In measuring scattering using XFEL sources one measures intensity but, as Stark correctly points out, the phase information is lost, just as it is in conventional crystallography. What Stark apparently is not aware of, however is that this scientific lemon was turned into lemonade long ago with the development of coherent diffractive imaging, which not only allows the phase to be determined uniquely from scattering measurements, but also the image to be determined from a completely random starting guess, completely eliminating any structural bias in its determination. This is a stronger statement than can be made for cryo electron microscopy, for which the choice of an “unbiased” starting guess remains a critical issue. Members of the Centre physics program have made seminal contributions to the development of coherent diffractive imaging over the past decade, including CIs Nugent, Quiney and Abbey and Senior Research Associate Timur Gureyev.
Stark’s practical criticism of the XFEL program is that he is already able to determine molecular structures using laboratory-based equipment costing around 10M Euro, so that the European XFEL is likely to cater mainly for “unusual” problems that cannot be addressed in any other way. It is already the case, however, that LCLS, the XFEL source at Stanford in the US, has opened new frontiers in biophysical and material science by making accessible the time-dependence of chemical processes and structural changes. By its design, cryo-EM is not a convenient technique for following processes that occur on chemical timescales, so rather than seeing these two techniques as direct competitors, they should instead be regarded as complementary tools in structure and dynamics
And what of the future?

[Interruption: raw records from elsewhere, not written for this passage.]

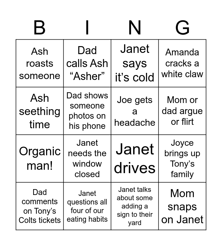 This bingo card has 16 words: Janet questions all four of our eating habits, Joyce brings up Tony’s family, Janet says it’s cold, Ash roasts someone, Organic man!, Dad calls Ash “Asher”, Janet drives, Janet talks about some adding a sign to their yard, Ash seething time, Dad shows someone photos on his phone, Dad comments on Tony’s Colts tickets, Amanda cracks a white claw, Janet needs the window closed, Mom or dad argue or flirt, Joe gets a headache and Mom snaps on Janet.
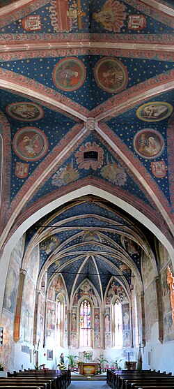 Die Fresken im Chor der Pfarrkirche entstanden in zwei Arbeitsphasen. Aus der ersten Phase, kurz nach der Fertigstellung des Chorraumes (um 1367), stammen die nur noch fragmentarisch erhaltenen Bildnisse der zwölf Apostel unterhalb der Fenster des Chorabschlusses und der von den Evangelistensymbolen gerahmte Pantokrator in Regenbogenmandorla im Gewölbe.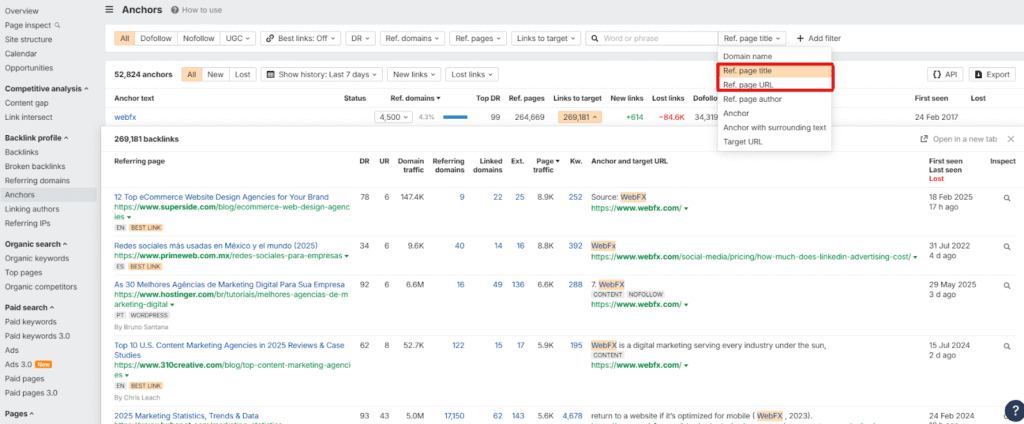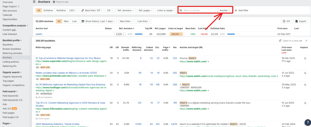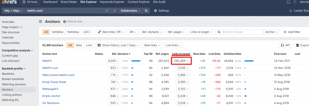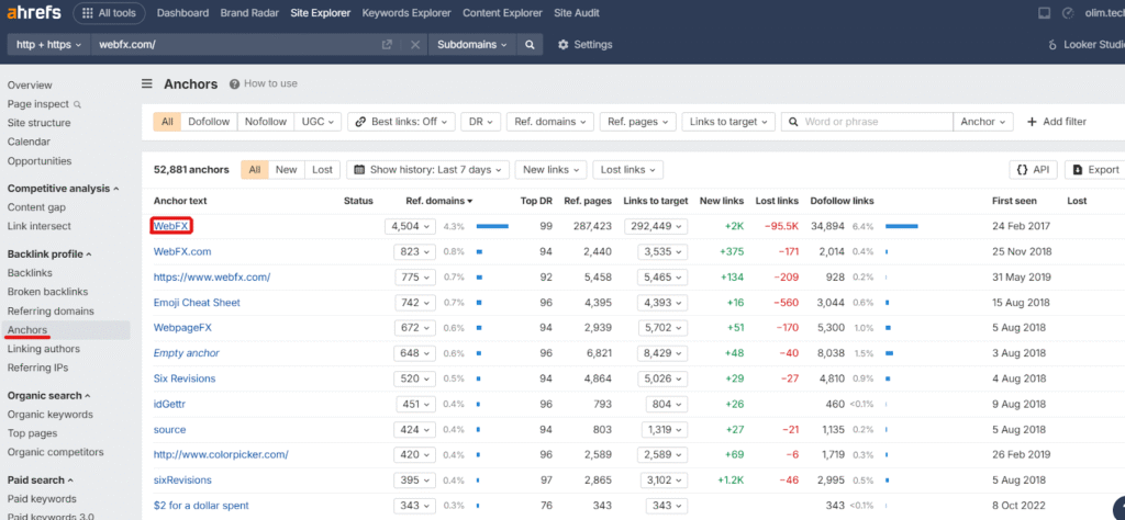 In our case, we have to find the anchor text “WebFX” because our competitor is webfx.com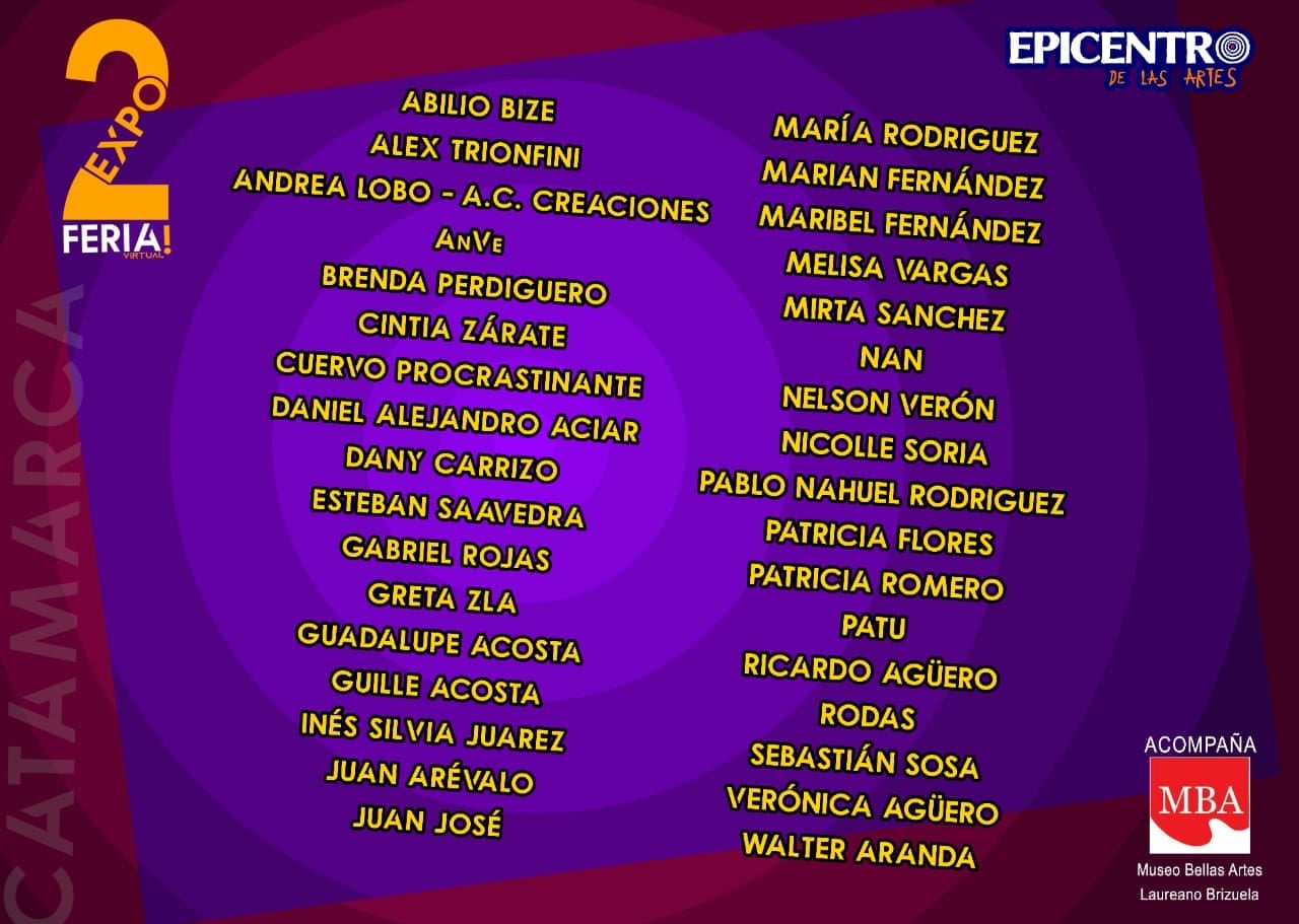 Para visitar las expo feria “Epicentro de las artes”, ingresar al grupo de Facebook ARTISTAS VISUALES CATAMARCA (https://www.facebook.com/groups/1553659758224986/).

Precisely the same diversity of opinion about the future of molecular imaging is currently circulating within the Centre as is expressed in the article in der Spiegel. It ranges from the infectious enthusiasm of Adrian Mancuso for molecular movies in native aqueous environments to a desire to add to Stark’s snapshot album of static structures of molecules entombed in vitreous ice. As the old Chinese proverb says, however, “when men speak of the future, the gods laugh” and we would be hostages to fortune to predict how things will evolve. Perhaps it is simply best that we thank our good fortune for being in a well-funded Centre in which we may each play a major role in deciding that future. We’ll all have a good laugh when it arrives.